When comparing weight management approaches, it is important to not just look at how much weight is possible to lose. The popular and well researched Mediterranean diet, where food intake can be characterised by a high level of plant-oriented food, and low levels of processed food, generally sees a similar level of weight loss, but has greater impact on your body's cardiovascular system. A recent Spanish study found that an energy-unrestricted Mediterranean diet can reduce the risk of a major cardiovascular event by up to 30%. This study focussed specifically on people who lived in Mediterranean countries with an already high cardiovascular risk, so it's important to understand your own body when comparing weight management approaches. You can find out more about the benefits of weight loss to your cardiovascular system here.

It is important to remember that when it comes to weight loss, changes to your diet are just one part of long-term management. Your healthcare provider will be able to recommend a weight management plan that is best for your lifestyle, as there is no 'one size fits all' method when it comes to managing your weight. 

3. How does intermittent fasting affect your BMI?

Your Body Mass Index, often referred to as BMI, is a measurement of height compared with weight. It is the most common way to assess for overweight and obesity. For example, a BMI of 25 kg/m2 or ≥ 30 kg/m2, indicates overweight and obesity respectively. 

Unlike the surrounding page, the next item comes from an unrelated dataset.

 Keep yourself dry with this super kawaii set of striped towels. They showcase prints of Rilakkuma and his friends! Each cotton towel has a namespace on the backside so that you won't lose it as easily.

For some people, intermittent fasting can lead to a reduction in BMI, although despite its widespread use in the medical community, BMI alone as an indicator for obesity has limitations that you should be aware of when using the indicator as a measurement of health.

4. Should you restrict your food intake if you are prescribed a weight management medication?

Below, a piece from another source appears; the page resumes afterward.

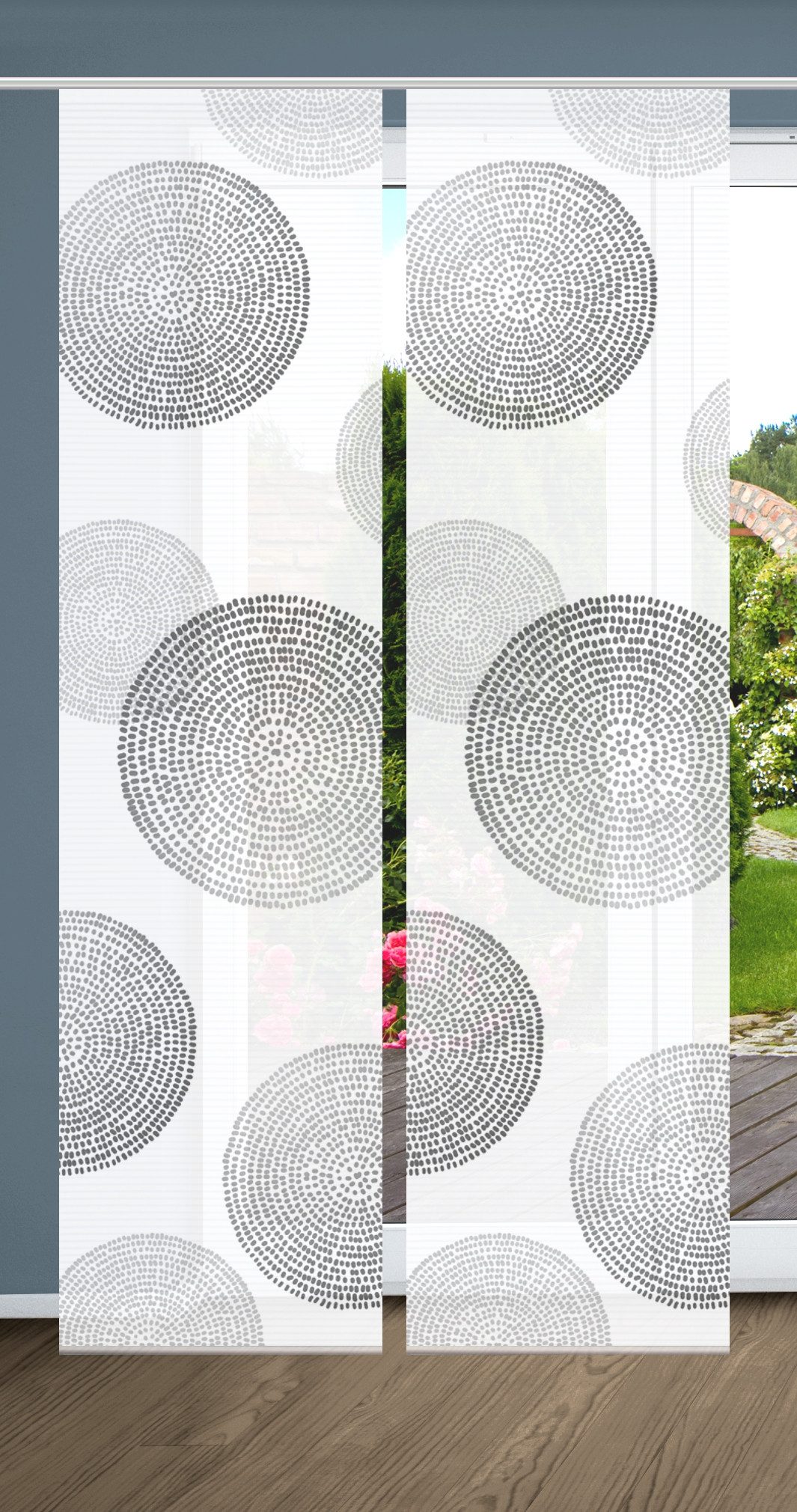 Hinweis Dekoration | Die angegebenen Maße sind die fertig dekorierten Maße. Eine Schiebegardine ist eine schmale, glatt hängende Stoffbahn, die sich sowohl als Sichtschutz als auch zur Raumteilung eignet. Durch die Schiebetechnik sind Schiebegardinen sehr flexibel einsetzbar. |

When talking to your healthcare provider about weight, they may prescribe you a weight management medication. There are several types of weight management medication, and they work with the chemistry in your brain that causes weight gain and prevents weight loss. Weight management medications are prescribed by healthcare professionals as a long-term approach to weight loss and can limit weight regain if continuously used.

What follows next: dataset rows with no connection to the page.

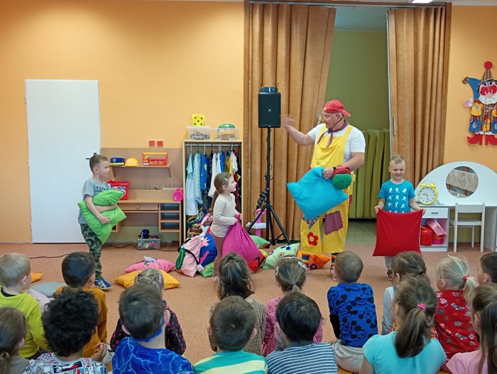 V úterý 9. května se v mateřské škole konalo divadelní představení Honzy Krejčíka „První slovo platí, druhé leze z gatí“. Celý program byl zábavný, poučný a plný písniček. Z některých dětí se stali malí herci a stali se tak součástí vystoupení. Divadelní představení se všem moc líbilo.
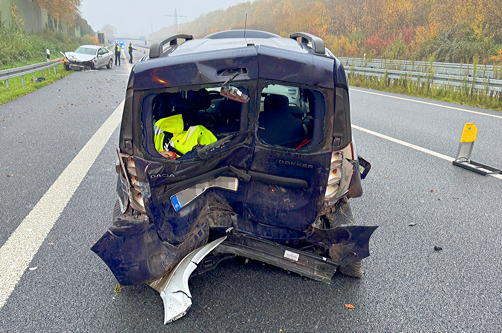 Auffahrunfall auf der A52 – Zwei Verletzte und Sperrung
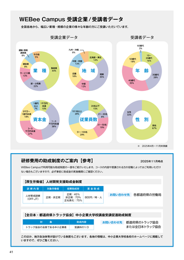 受講企業/受講者データ・研修費用の助成制度のご案内��P.41
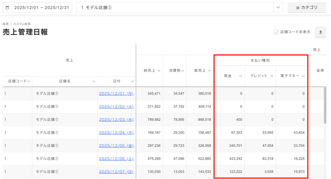 「日報」「売上管理日報」において、連携されたデータが反映されるようになります。 - POS

Medications should always be taken alongside changes in nutrition and physical activity, rather than as an alternative.

As previously mentioned, for some, fasting is a religious practice rather than a tool for weight management. Studies into whether weight management medication is still effective during periods of fasting have so far shown that there is no change in how they work. However, some weight management medications can impact a person's iron, vitamin D and other nutrient levels, so it is really important to consult your healthcare professional before you embark on periods of fasting when prescribed a weight management medication. 

5. Do the outcomes of intermittent fasting differ between males and females?

As a common theme, the research into biological sex differences for intermittent fasting is limited, however there is no significant difference in how women respond to intermittent fasting versus men.

6. Should intermittent fasting be seen as a long-term approach to  weight  management?

It is important for your doctor to tailor a nutrition plan that meets your personal preferences, and treatment goals. This can take in a variety of factors that ensure safety, nutritionally sufficient, affordable and suitable changes for your lifestyle. For some, intermittent fasting may be appropriate, but there is limited evidence to show it can lead to weight reduction in the long-term.

Continuous calorie restriction may increase the chances of weight gain in the long-run, as this type of restriction can change the way your body signals hunger, satiety and body weight regulation. 

In cases where behavioural interventions (diet and exercise) don't work to manage your weight, psychological therapy, pharmacological therapy, or bariatric surgery can help you lose weight and prevent weight regain. For long-term weight management strategies, it is best to speak to your healthcare provider, who can assess your lifestyle to work out the best approach for you.